Yesterday the Taxpayers’ Union released a report that claims that a sugar or a soft drink tax (they aren’t quite sure which straw man they are hitting here) won’t work. The report is a grab bag of carefully selected statistics, many of them contradictory. Let’s look at the top five problems with the analysis:
1/ These taxes don’t change behaviour, they just raise money!
That is the good thing about taxes, they either do one or the other.
The report claims that taxes don’t work because they don’t change behaviour, and provides data that carbonated drink sales haven’t dropped in Mexico since the tax came in. This is hardly a smoking gun – it doesn’t account for consumers switching between sugary and other carbonated drinks such as zero calorie ones! There are plenty of other studies that show junk food taxes would have an effect on behaviour. The best, most well studied example we have is smoking, where a tax has undoubtedly been the leading factor in reduced consumption. Why would junk food be any different?
As we have discussed in previous blogs, there are two major claims why junk food taxes don’t work – firstly because they are set way too low, and secondly because they push people to buy other junk food. The first is easy to solve, the second is just a matter of designing the tax right. While we might start with soft drinks, ultimately all junk food will need to be included.
The report also criticizes the Denmark experiment, which is again selective. Junk food taxes are working in many parts of the world, the report dwells on the one place it fell over. Why did it fall over? Well it was a pretty dumb tax to start with – based on saturated fat. There are plenty of good foods that contain saturated fat, as any Kiwi farmer will tell you. The other problem in Denmark was porous borders – people can do their shopping in Germany. We don’t have that problem.
And ultimately, if taxes don’t change behaviour, then they will certainly raise money, and that will help contribute to the costs of the coming tsunami of type 2 diabetes. Think of it as user pays.
2/ Sugar/soft drinks are only a small part of the problem
The report points out that non-alcoholic beverages only make up 5% of our calorie intake, and soft drinks only 1.6%. How can they possibly be causing the obesity epidemic?
For starters nobody ever said that sugary drinks are the sole cause of the obesity epidemic. The fact is that they are the most pernicious example of highly processed fake food – stuff that is so full of calories and devoid of micro-nutrients that it really shouldn’t be classed as food.
Context is also important here. Not all the food that we eat is the problem. It is just the amount that we overeat that causes us problems. That is only around 10% of our diet – so actually sugary drinks are between 16%-50% of the problem.
Finally, those numbers are an estimate from a survey (see below), so the 1.6% figure is a conservative estimate of the true scale of the sugary drink problem. For example, that figure is unlikely to include flavoured milks, or juices, or any drink that uses fruit sugars as a base.
3/ Surveys are useless, except when we use them
The report descends into the ironic when it criticizes a survey from Mexico about reported soft drink consumption.

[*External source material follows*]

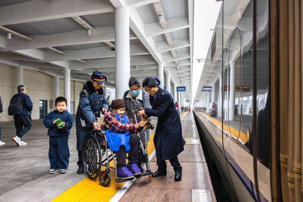 ↑ 1月25日,鐵路工作人員在貴州安順西站協助重點旅客乘車。新華社發(陳熙 攝)

Two pages prior to that the report cites survey data that claims that between 1997 and 2009 sugar consumption dropped in New Zealand – therefore sugar consumption cannot be contributing to our bulging waistlines. .Not that this is a survey result – our sugar import figures rose during the same period (and admittedly those figures are also rough). The report goes on to quote another survey that showed that sugar intake was lower among obese children.
There certainly can be problems with the results from survey data. For example, we know that when people know they have a weight problem, and know certain foods are bad, reporting changes. This is the exact problem the report points out with the Mexican survey. It will take time to know for sure what the impact of the Mexican tax will be on soft drink consumption, just as it will take time to know what is really happening to sugar eating habits in New Zealand. In the mean time the Taxpayers’ Union should at least be consistent in its analysis.
4/ Food taxes hurt the poor
Any new tax which increases prices will initially have a regressive impact – in other words it will have a bigger impact on the poor more simply because they spend a greater portion of their income on food. However, there are many reasons to think that the knock on impacts will more than outweigh this effect.
We know that poorer households are more likely to adjust their consumption in response to price changes than other households. They will simply switch their soft drink consumption to milk, or maybe even water. Therefore poorer households will pay less of the tax, and will also get a disproportionate amount of the health benefits from changing their behaviour. Given that obesity and related health problems is more prevalent in poorer households, this means that the health impacts of the tax will be decidedly progressive – which is the whole idea!
Finally, how much the poor are affected by this change depends totally on how the money raised by the tax is spent. If the income is spent on a policy that helps the poor – such as a subsidised fruit and veges or cooking classes in poor communities – then the overall impact will be even more progressive.
5/ Let them eat cake, and die of type 2 diabetes
Finally, this play by the Taxpayers Union is ultimately short sighted. Without action, diabetes and obesity will have a huge impact on our health system and our economic growth. A report by Morgan Stanley (hardly a left wing think tank) suggested that poor diet could eventually knock one quarter off our growth rate – reducing it from 2.5% to 1.9%. Over time, that difference adds up to some serious money.
As a taxpayer, that is what I am really worried about.